The Perplexity and Death of the King

 •  3 min. read  •  grade level: 9
 
Henry VIII. had been at great pains to bring about a personal interview with James; and had obtained a promise that he should meet him at York. Henry arrived according to appointment, and remained there during six days, but no James appeared. The priests, dreading Henry's influence with James on the subject of the Reformation, prevailed upon him to remain at home; which he did, but sent a courteous apology. But the haughty revengeful English king was not to be so easily pacified. He conceived himself slighted and insulted, and vented threatenings and curses against the Scotch. A border war was the result. The priests instigated James to go to war without summoning to his banner the proscribed nobles. Bishops, priests, and their partisans were to form the army; and when the king returned in triumph from the defeat of Henry, all those suspected of heresy should be seized and executed as a thank-offering for victory. But alas! when James was waiting in Lochmaben castle for the news of triumph, some of the fugitives arriving made known the total rout of his army on Solway Moss.

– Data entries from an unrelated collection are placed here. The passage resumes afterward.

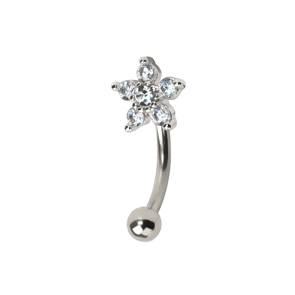 Ez a hajlított barbell (banán piercing) orvosi acélból, az őt díszítő virág pedig rézből készült. A virág rengeteg apró kis csillogó kővel van kirakva, ami igazán különleges, nőies külsőt ad az ékszernek.
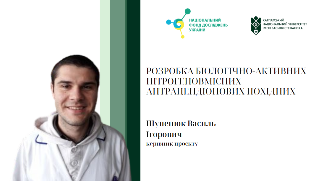 Проєкти національного фонду Розробка біологічно-активних нітрогеновмісних антрацендіонових похідних е-mail: vasyl.shupeniuk@cnu.edu.ua Інтермедіати фенілпропаноїдного шляху як речовини для продовження тривалості і якості життя е-mail: bayliak@ukr.net Симетрії в алгебраїчних та топологічних структурах на нескінченновимірних аналітичних многовидах та їх можливі застосування е-mail: andriy.zagorodnyuk@cnu.edu.ua Асиметричні суперконденсатори з водним електролітом на основі нанокомпозитів оксиди заліза і нікелю / відновлений оксид графену та мікропористого вуглецю е-mail: volodymyr.kotsuybynsky@cnu.edu.ua
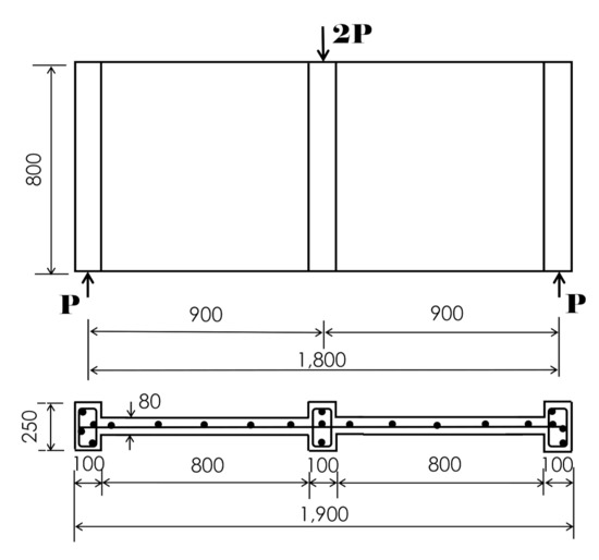 Wall specimens were tested by a three-point loading setup under a simply supported condition, as shown in Figure 9. The pure span length between two supports of both ends was 1800 mm and a transverse load at midspan was applied until each wall specimen reached failure. The loading test was set up on a universal testing machine (UTM) which had a capacity of 1000 kN, as the photos show in Figure 10. The transverse deflection at the midspan was measured using linear variable differential transducers (LVDTs) installed on the midspan bottom surface in the vertical direction. On a surface at 400 mm away from the bottom of midspan, three LVDTs in horizontal, vertical, and diagonal directions were installed, separately, as shown in Figure 10, to estimate the opening of local shear cracks of the wall. Steel gauges were bonded to horizontal reinforcing steel bars both on the top and bottom at midspan.
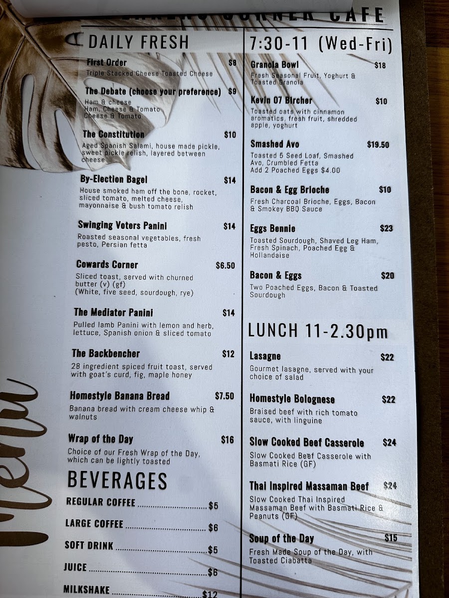 Start your day with options like The Debate or the hearty ByElection Bagel, both perfect for a quick bite. For a more filling lunch, try the Slow Cooked Beef Casserole or Homestyle Bolognese, showcasing the café’s dedication to homestyle cooking. Don't forget to pair your meal with their freshly brewed coffee!
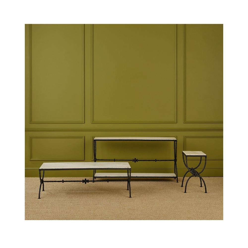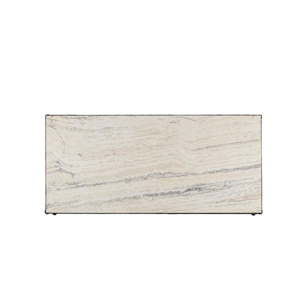 The Agora White Travertine Cocktail Table blends classical Greek-inspired design with modern sophistication. Its white travertine top features dynamic veining that adds natural depth and texture. The looping hourglass-shaped legs, connected by a stretcher adorned with decorative orb detailing, create a striking sculptural silhouette. Finished in a rich bronze, the metal frame provides a warm contrast to the light stone.
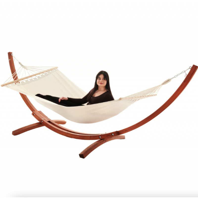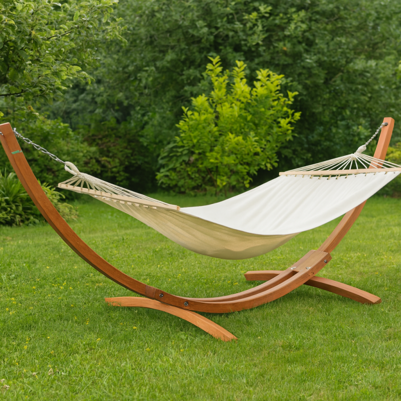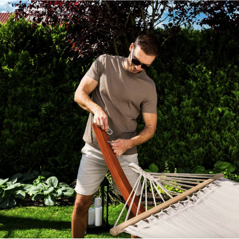 Відпочинок на свіжому повітрі може бути не просто комфортним, а по-справжньому вишуканим - саме таким, яким його створює гамак Di Volio Trevia. Цей комплект - уособлення гармонії між класичним дизайном, екологічними матеріалами та продуманою функціональністю. Виготовлений з натуральної модрини та м'якої бавовни, він стане справжньою окрасою вашого саду, тераси або патіо. Гамак розрахований на одну людину та пропонує ідеальні умови для відпочинку на самоті з книгою, музикою чи власними думками.
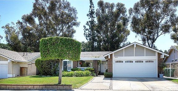 Park-like setting backing to a large greenbelt with massive oak trees, makes this location peaceful and serene. This single story 4 bedrooms, 2 bath home shows "true pride of ownership." Entering through custom double doors with stunning hardwood floors makes this home warm and inviting. All windows and sliders replace with double paned vinyl. Upgraded kitchen with refaced wainscoting cabinets, double sinks, newer appliances and custom molding frames the large kitchen window looking out to the private backyard. French doors access one of the secondary bedrooms that is currently being used as an office with built-ins. Upgraded hall bathroom with travertine floors and vessel sink. Master bath has furniture vanity, walk-in tiled shower and tiled floors. Master bedroom has mirrored wardrobes and slider to fabulous yard that has an aluminum patio cover, stamped concrete, plenty of grass, nicely landscaped with an added water feature to relax and enjoy the scenery. Low taxes, low association and Mission Viejo Lake membership
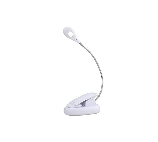 Luz de lectura con clip. Utiliza 3 pilas AAA (no incluidas) o enchufado por USB. Con brazo flexible metálico. Cabezal movible.
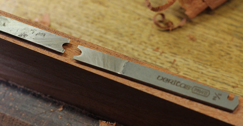 OK, so here is the plan: I would use a Stanley #45 beading blade of the same size as the guinea pig. This is identical in thickness to the Veritas blade, just longer. The extra length means that I cannot use the adjuster, and will need to set the depth of cut by hand. What will be different about this blade is that it will receive a 15 degree backbevel. That will create a 60 degree cutting angle! A high cutting angle of this magnitude no longer requires a mouth to control tearout.

His distress was unbounded. So great was his agony of mind, he could hardly breathe, and only muttered some vague cries. The high-spirited monarch could bear no more. He had been deceived by that despicable man in whom he trusted, which disturbed him as much as the victory of the English.
In this state of despair he shut himself up in Falkland palace, and the violence of his grief soon induced a slow fever. While rapidly sinking, intelligence was brought that his queen, who was at Linlithgow, had been delivered of a girl, afterward Queen Mary. This was a fresh wound as he had no son; and feeling as if his family was extinct and his crown lost, he muttered an old saying, "It cam wi' a lass, and it will gang wi' a lass." Seven days afterward the king died, on December 14th, 1542. When disrobing him, the dreadful proscription roll was found in his pocket. The nation then saw what a merciful providence had saved them from, and how narrow its escape had been from so fearful a catastrophe. The discovery helped not a little to increase the number of the Reformed, and to prepare the way for the downfall of a religion which was capable of conceiving such plans of cruelty and avarice.
The throne was now vacant, and "Cardinal Beaton lost no time in producing a document purporting to be the will of the deceased monarch, appointing him regent of the kingdom during the minority of the infant queen;" but it was generally believed to be forged, and the Earl of Arran was peaceably established in the regency by the nobles. Thus it was, by the gracious overruling hand of God, the man whose name was first on the list of nobles marked for slaughter, was now at the head of the government, and used by the same providence to place the Bible in every Scotchman's hand. The change produced in the political state of the kingdom by the death of James and the regency of Arran was favorable to the Reformation.
The earl having formerly professed faith in the Reformed doctrines, was now surrounded with counselors of the same opinions. It is deeply interesting to observe that, at this early stage of the Scottish Reformation, the very flower of the nobility and gentry were on its side. Not that we think of them all as true Christians; but at that time the prospect of overturning the ancient religion was distant and uncertain, and they were taking a step which exposed their lives and fortunes to the most imminent hazard, so that we cannot attribute to them a lower motive than their personal convictions.